Indaptus (INDP) director exits Series AAA stake, trims Series AA
Filing Impact
Filing Sentiment
Form Type
4
Rhea-AI Filing Summary
Indaptus Therapeutics director David E. Lazar sold a large block of the company’s convertible preferred stock. On March 23, 2026, he completed a Securities Purchase Agreement under which he sold all 700,000 shares of Series AAA Preferred Stock, which were convertible into 105,000,000 shares of common stock, and 196,800 shares of Series AA Preferred Stock, which were convertible into 3,936,000 shares of common stock. Following this transaction, he retained 103,200 shares of Series AA Preferred Stock, convertible into 2,064,000 shares of common stock. Both the Series AA and Series AAA Preferred Stock are perpetual and convertible at the holder’s option for no additional consideration.
Positive
- None.
Negative
- None.
Insider Trade Summary
2 transactions reported
Net Sell
2 txns
Insider
Lazar David E.
Role
Director
Sold
896,800 shs ($0.00)
| Type | Security | Shares | Price | Value |
|---|---|---|---|---|
| Sale | Series AA Convertible Non-Redeemable Preferred Stock | 196,800 | $0.00 | -- |
| Sale | Series AAA Convertible Non-Redeemable Preferred Stock | 700,000 | $0.00 | -- |
Holdings After Transaction:
Series AA Convertible Non-Redeemable Preferred Stock — 103,200 shares (Direct);
Series AAA Convertible Non-Redeemable Preferred Stock — 0 shares (Direct)
Footnotes (1)
- On March 19, 2026, David E. Lazar (the "Reporting Person") entered into a Securities Purchase Agreement pursuant to which the Reporting Person sold all of his title and interest in (i) all 700,000 shares of Series AAA Preferred Stock (convertible into an aggregate of 105,000,000 shares of the Issuer's common stock) held by the Reporting Person and (ii) 196,800 shares of the Reporting Person's Series AA Preferred Stock (convertible into an aggregate of 3,936,000 shares of the Issuer's common stock), as well as all of the Reporting Person's rights, title and interest in the Series AA Preferred Stock and Series AAA Preferred Stock under a securities purchase agreement dated December 22, 2025 (the "March 2026 Transaction").

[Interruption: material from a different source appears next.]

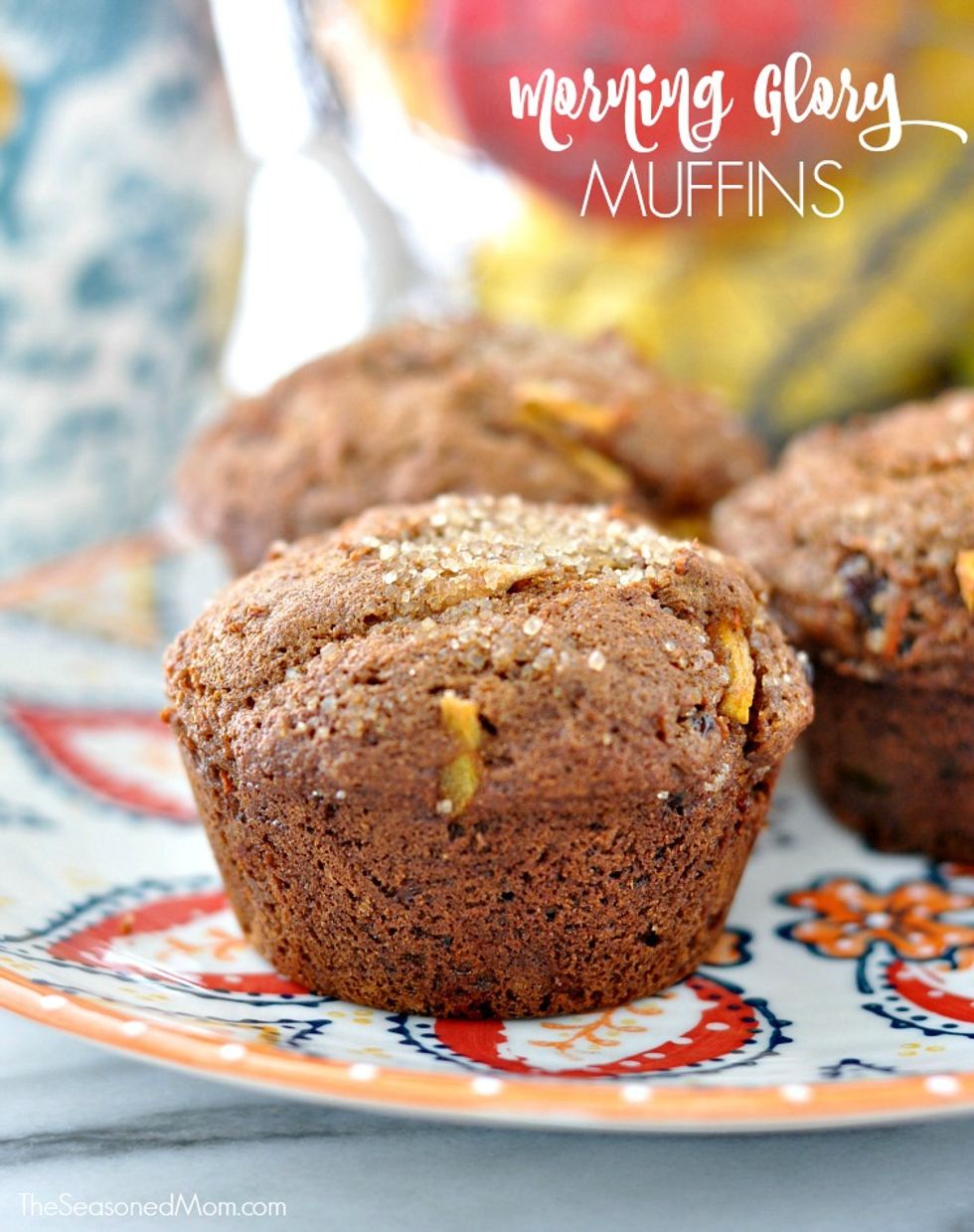 These easy Morning Glory Muffins are the perfect way to start your day! Loaded with carrots, raisins, apples, nuts and spices, they're full of healthy, flavorful ingredients that satisfy hungry kids and adults. Make them ahead for busy mornings or easy snacks -- they just get better as they sit!
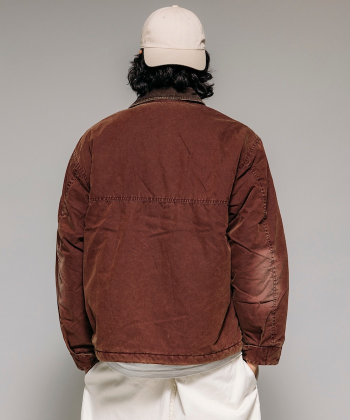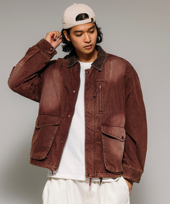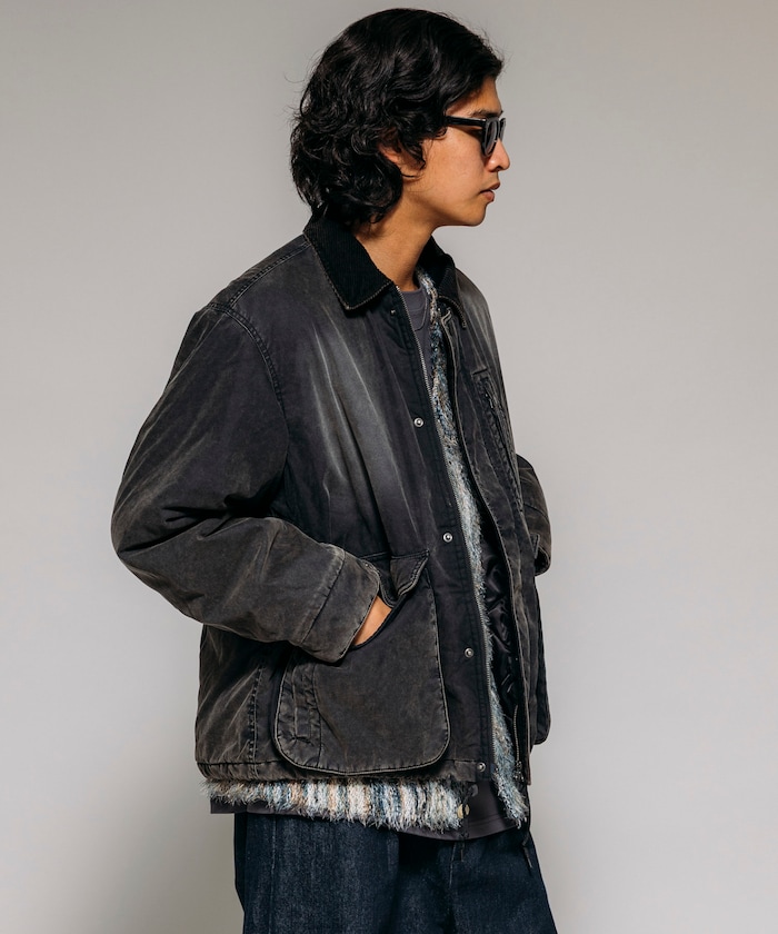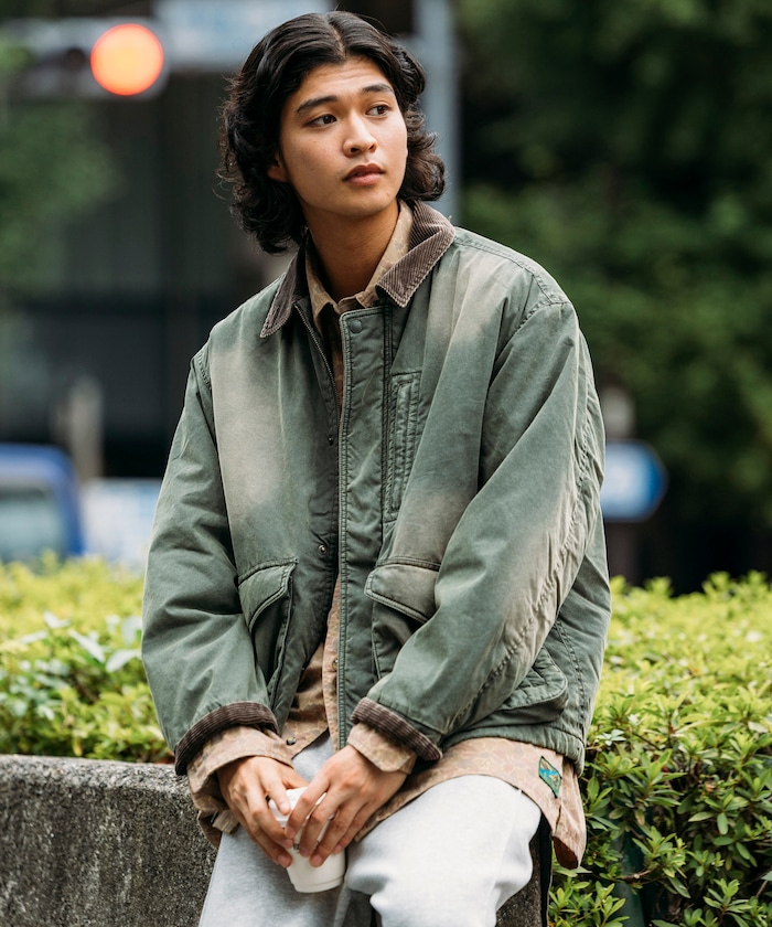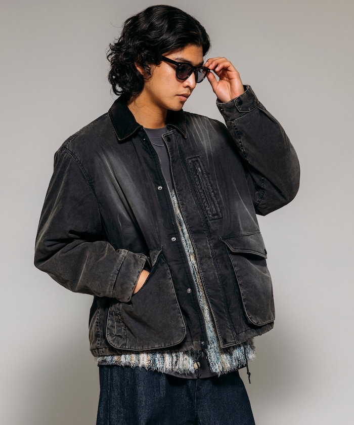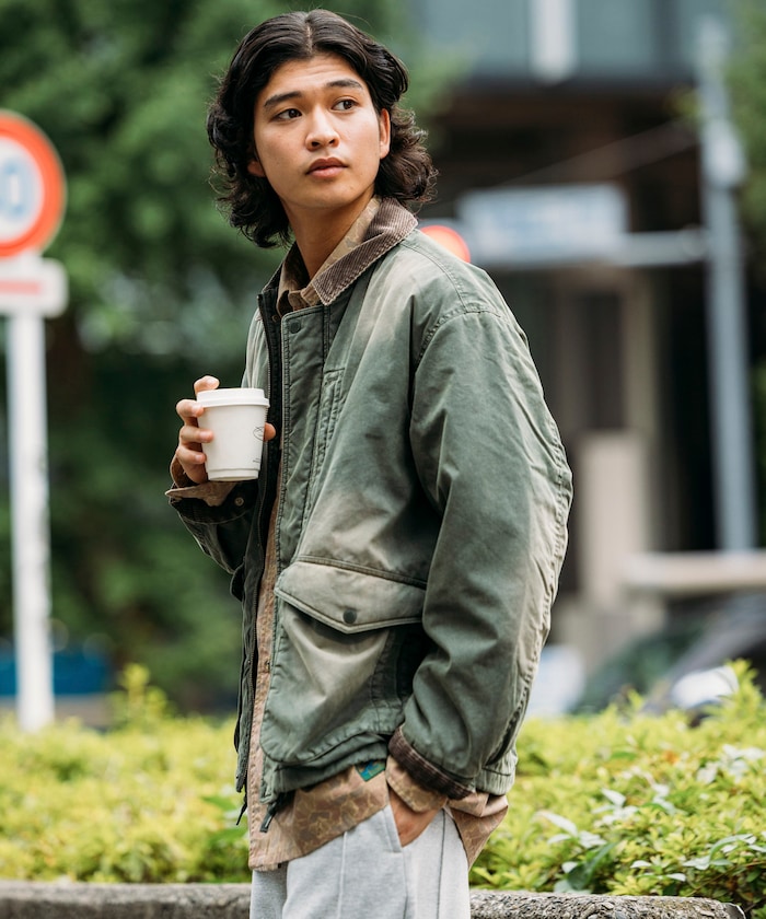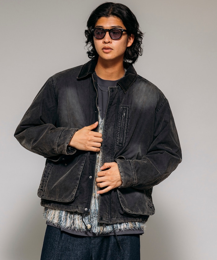 카라 부분을 코듀로이 원단으로 배색한 코튼 나일론 혼방의 블루종. 자연스러운 워싱 가공으로 빈티지한 멋을 살린 디자인입니다. 피싱 재킷에서 착안한 디테일로, 양쪽 사이드에는 여유 있는 플랩포켓과 슬래시 포켓을, 가슴에는 지퍼 포켓이 있습니다. 어깨선이 내려간 드롭숄더와 살짝 짧은 박시 실루엣입니다.

The closing of the March 2026 Transaction occurred on March 23, 2026. Following the March 2026 Transaction, the Reporting Person retained 103,200 shares of Series AA Preferred Stock, convertible into an aggregate of 2,064,000 shares of the Issuer's common stock. The Series AA Preferred Stock is convertible at the option of the holder for no additional consideration. The Series AA Preferred Stock is perpetual and therefore has no expiration date. The Series AAA Preferred Stock is convertible at the option of the holder for no additional consideration. The Series AAA Preferred Stock is perpetual and therefore has no expiration date.
FAQ
What insider transaction did Indaptus Therapeutics (INDP) report for David E. Lazar?
Indaptus Therapeutics (INDP) reported that director David E. Lazar sold significant preferred stock holdings. He disposed of all 700,000 Series AAA Preferred shares and 196,800 Series AA Preferred shares pursuant to a Securities Purchase Agreement that closed on March 23, 2026.
What happened to David E. Lazar’s Series AA Preferred holdings in Indaptus (INDP)?
David E. Lazar sold part of his Indaptus Series AA Preferred holdings and kept a remaining stake. He sold 196,800 Series AA shares, convertible into 3,936,000 common shares, and retained 103,200 Series AA shares, convertible into 2,064,000 common shares.
Are Indaptus (INDP) Series AA and Series AAA Preferred Stock perpetual and how are they converted?
Both Indaptus Series AA and Series AAA Preferred Stock are perpetual and convertible at the holder’s option. Each series has no expiration date and may be converted into common stock for no additional consideration when the holder chooses to exercise the conversion right.
On what dates did the key steps of David E. Lazar’s Indaptus (INDP) stock sale occur?
The key dates were March 19 and March 23, 2026. David E. Lazar entered into the Securities Purchase Agreement on March 19, 2026, and the closing of the transaction, including the sale of his preferred shares, occurred on March 23, 2026.